● WHAT TO DO
Pictures stay out. Extract the lines below from the first one through the line with "Ply Cashmere Navy", both included.

● DATA EXTRACT
--

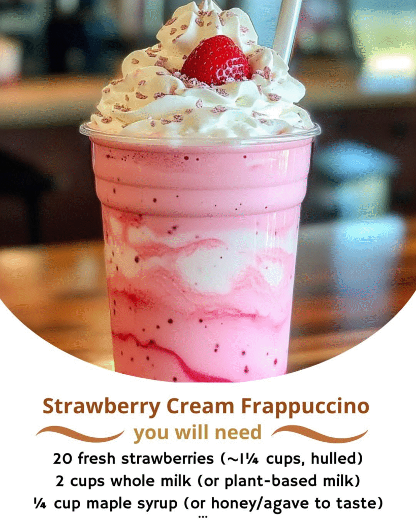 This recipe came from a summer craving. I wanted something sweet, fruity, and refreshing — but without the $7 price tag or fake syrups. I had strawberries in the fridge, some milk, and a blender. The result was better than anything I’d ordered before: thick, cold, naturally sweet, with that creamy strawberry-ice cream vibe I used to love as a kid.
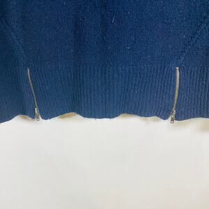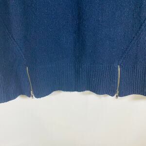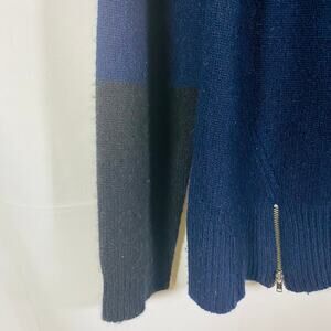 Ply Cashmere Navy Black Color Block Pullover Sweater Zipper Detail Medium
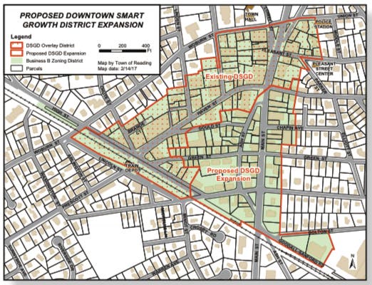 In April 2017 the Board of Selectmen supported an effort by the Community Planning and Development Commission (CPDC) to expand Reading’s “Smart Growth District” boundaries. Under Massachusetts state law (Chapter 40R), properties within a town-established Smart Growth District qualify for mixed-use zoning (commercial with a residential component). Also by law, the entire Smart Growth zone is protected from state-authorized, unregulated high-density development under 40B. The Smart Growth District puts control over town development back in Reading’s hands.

--

● EXERCISE RESPONSE
 This recipe came from a summer craving. I wanted something sweet, fruity, and refreshing — but without the $7 price tag or fake syrups. I had strawberries in the fridge, some milk, and a blender. The result was better than anything I’d ordered before: thick, cold, naturally sweet, with that creamy strawberry-ice cream vibe I used to love as a kid.
 Ply Cashmere Navy Black Color Block Pullover Sweater Zipper Detail Medium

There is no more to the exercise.